Susan E. Cernyak-Spatz (July 27, 1922 – November 17, 2019) was an Austrian-born professor of German language and literature at the University of North Carolina at Charlotte. She was a Holocaust survivor. Her memoir, Protective Custody: Prisoner 34042, was published in 2005.

== Early life and education ==
Susan Eckstein was born in Vienna, the daughter of Ernest Eckstein and Frieda Eckstein. The Ecksteins were Jewish. At the onset of World War II, she and her mother were deported to live at Theresienstadt. She survived two years at the Auschwitz-Birkenau death camp, from 1943 to 1945, the winter death march away from Auschwitz, and a shorter spell at Ravensbrück in 1945. She worked as an interpreter after liberation, for American intelligence and the British military.

Eckstein attended school in Berlin and Vienna as a girl in the early 1930s. She finished undergraduate studies at Southwest Missouri State College in 1968, and earned her doctoral degree at the University of Kansas in 1972. While she was a student, she received a Woodrow Wilson National Fellowship.

== Career ==
She taught German language and literature at the University of North Carolina, Charlotte, from 1972 until her retirement in 1992. She created the university's Holocaust Studies program. In retirement, into her nineties, she continued giving interviews, lectures to community groups, and talks to high schoolers, on her own experiences during the war. A video of her story, Surviving Birkenau, was released in 2018.
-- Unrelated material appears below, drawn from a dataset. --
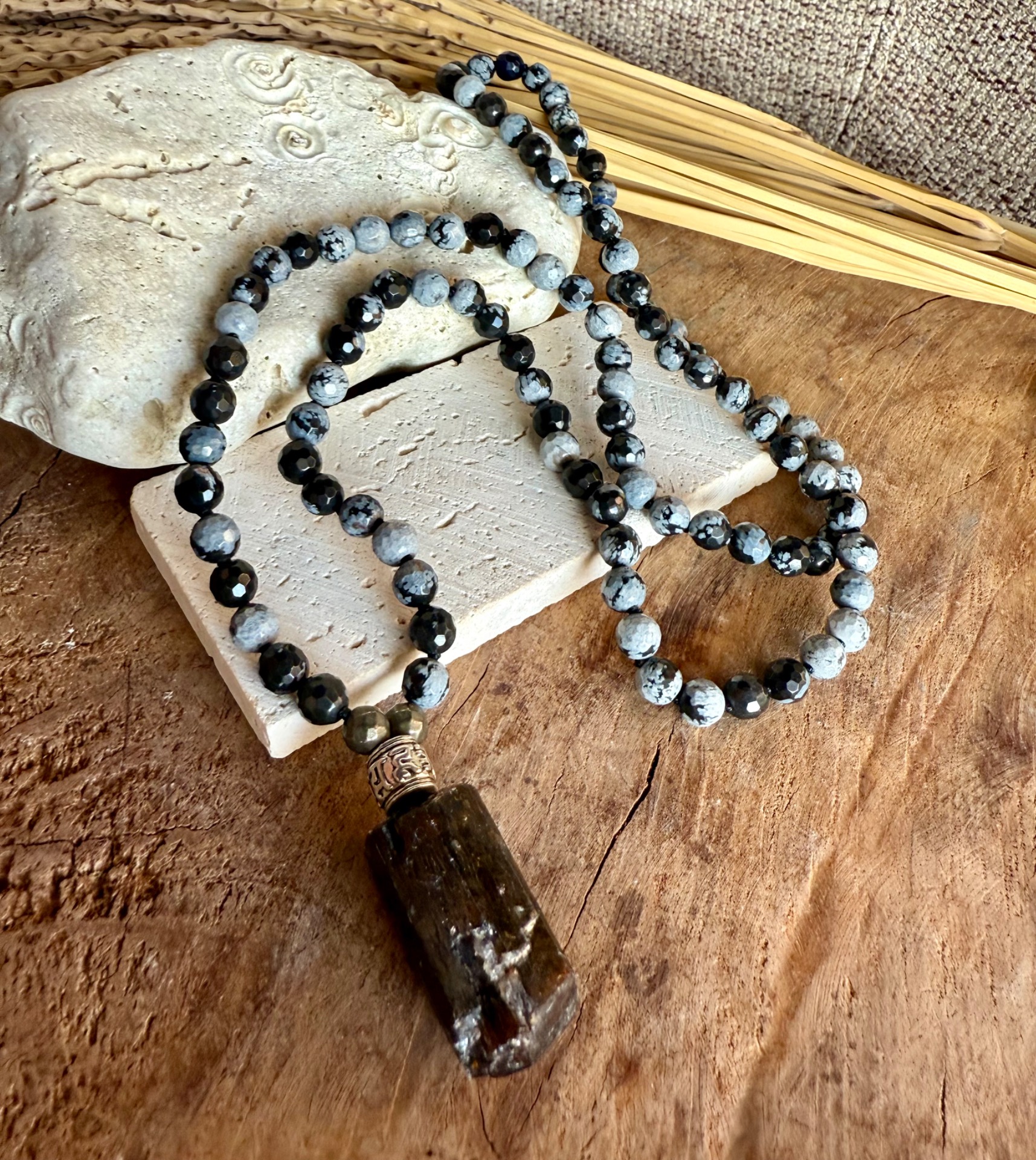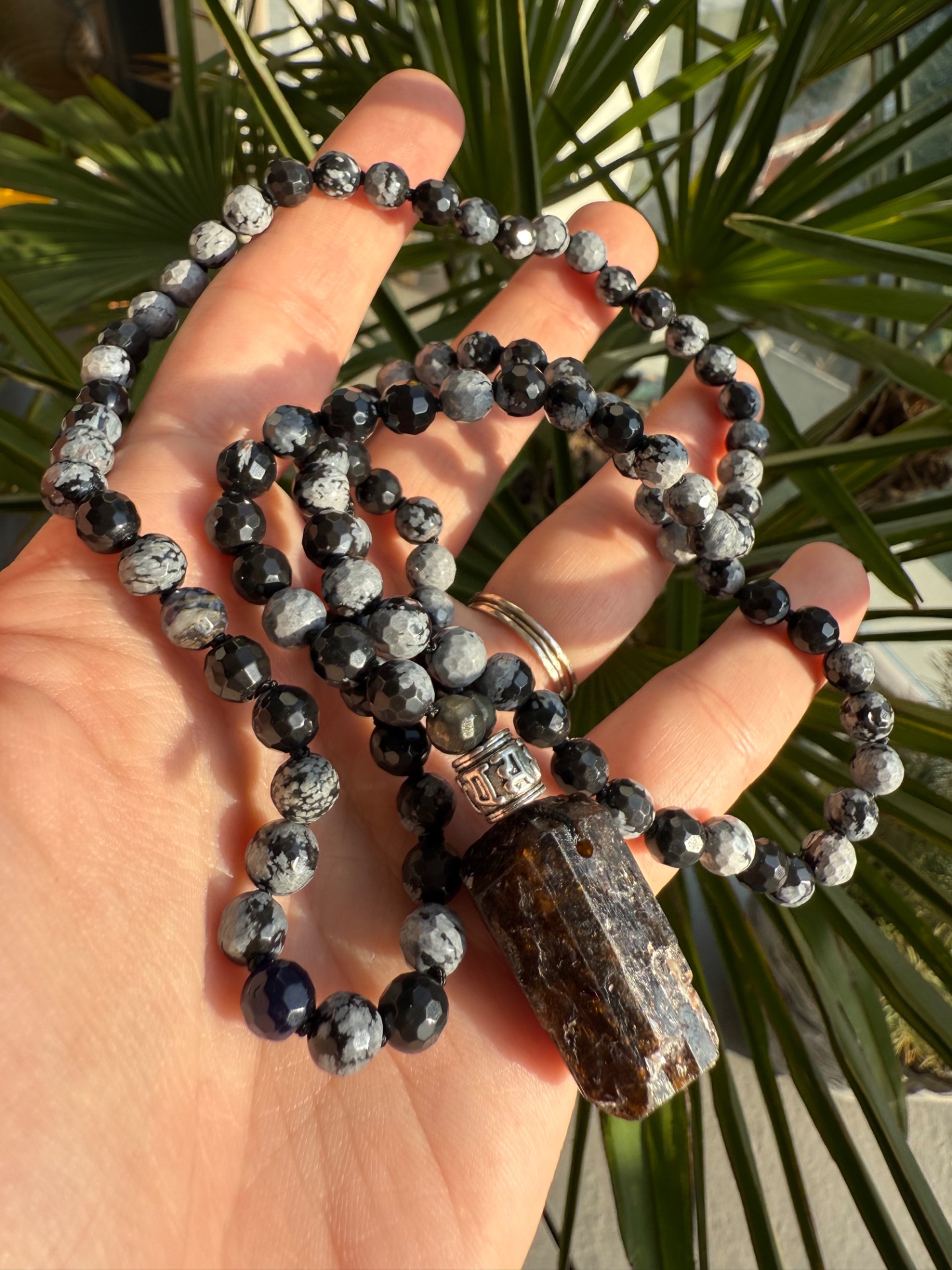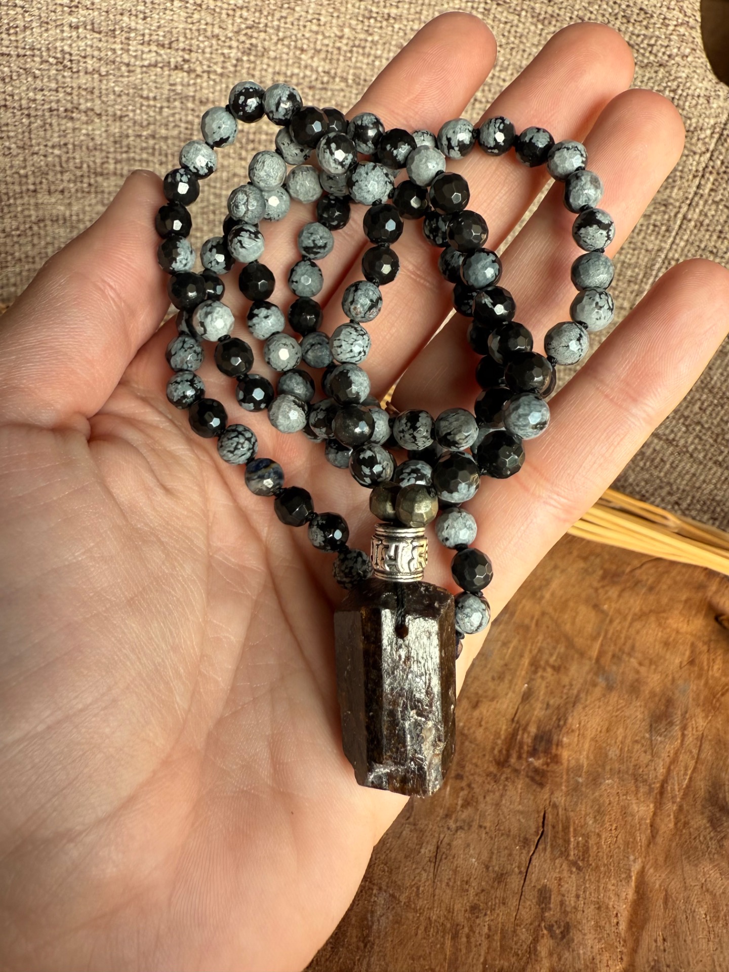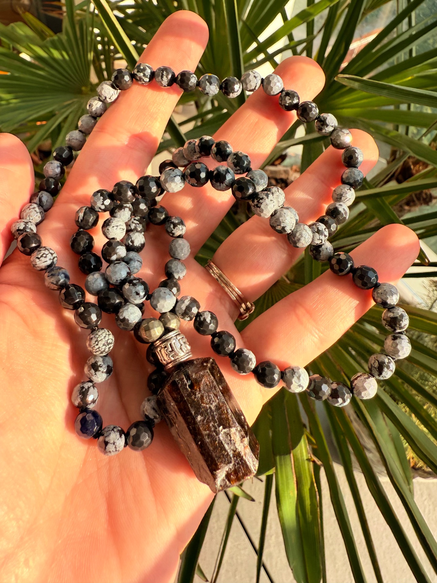 Tento výnimočný náhrdelník je ručne vytvorený z fazetovaných korálok Snowflake Obsidian s priemerom 6 mm. Jemný výbrus korálok krásne zachytáva svetlo a zvýrazňuje prirodzenú kresbu typických "vločiek", ktoré robia každý kameň originálnym.

She wrote a memoir in English, Protective Custody: Prisoner 34042 (2005), and another in German, Theresienstadt, Auschwitz-Birkenau, Ravensbrück. Drei Stationen meines Lebens (Theresienstadt, Auschwitz-Birkenau, Ravensbrück. Three stages of my life) (2008). Protective Custody was adapted for the stage. In 1983 she attended the first conference to look at role of women during the holocaust. It was organised by Dr Joan Ringelheim and Esther Katz. She was asked what women talked about and she said, "Food! I never cooked as well as I did with my mouth in Auschwitz." She also wrote a textbook, German Holocaust Literature (1985). and co-edited Language and Culture: A Transcending Bond- Essays and Memoirs by American Germanists of Austro-Jewish Descent (1994, with Charles S. Merrill).

She translated several works from German into English, including Bernhard Frankfurter's The Meeting, based on a 1988 film in which a Holocaust survivor, Dagmar Ostermann, confronted a Nazi physician, Hans Wilhelm Münch.

== Personal life ==
Susan Eckstein married Bernard M. Fishman, an American serviceman, in Brussels, and moved to the United States with him in 1946. They had three children. They divorced in the 1960s. She married Turkish-born Henri Cernyak as her second husband during graduate school, in 1970. Her third husband Hardy Spatz, who was born in Austria and lived in Cuba, died in 2001. She died in 2019, aged 97 years, at her home in Charlotte. "Susan’s story was just invaluable," said her rabbi in Charlotte, Judy Schindler. "When she conveyed it to students, they could take her story and take it into their souls, and hear the lessons she had to teach, based on her experiences, and try to create a much better tomorrow."